[Input data — start]

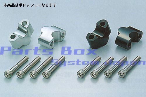 | 商品内容 | ○カラー:ポリッシュ ○25mmアップ ○ソケットボルトM8×L55 ○適合ネジ穴間のピッチ 31.5mm~35mm ○ノーマルハンドル、ケーブル、ブレーキホースのままで少しポジション変更を…とお考えの方におすすめします。ボルトオン、しかも短時間で取付けできます。 ○アルミ合金削り出しポリッシュアルマイト ○M8ソケットボルトはステンレス製 |
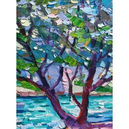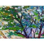 The artist used the oil technique to create this small-format painting on canvas in the figurative style on the theme of Landscapes.
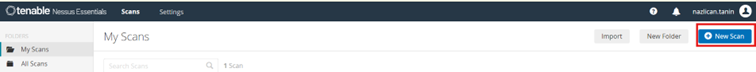 Sağ üst köşedeki "New Scan" (Yeni Tarama) butonuna tıklanır.
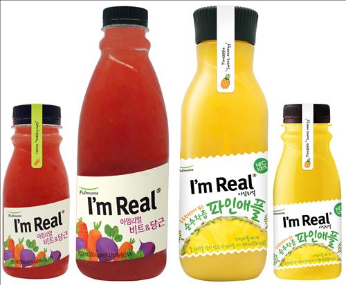 풀무원의 '아임리얼' 주스는 물 한 방울 더하지 않고 순수하게 과일과 야채만 짜서 만든 음료다.

[Input data — finish]

=== Brief ===
When copying the listing, print each line exactly but leave out every picture.

=== Expected answer ===
 | 商品内容 | ○カラー:ポリッシュ ○25mmアップ ○ソケットボルトM8×L55 ○適合ネジ穴間のピッチ 31.5mm~35mm ○ノーマルハンドル、ケーブル、ブレーキホースのままで少しポジション変更を…とお考えの方におすすめします。ボルトオン、しかも短時間で取付けできます。 ○アルミ合金削り出しポリッシュアルマイト ○M8ソケットボルトはステンレス製 |
 The artist used the oil technique to create this small-format painting on canvas in the figurative style on the theme of Landscapes.
 Sağ üst köşedeki "New Scan" (Yeni Tarama) butonuna tıklanır.
 풀무원의 '아임리얼' 주스는 물 한 방울 더하지 않고 순수하게 과일과 야채만 짜서 만든 음료다.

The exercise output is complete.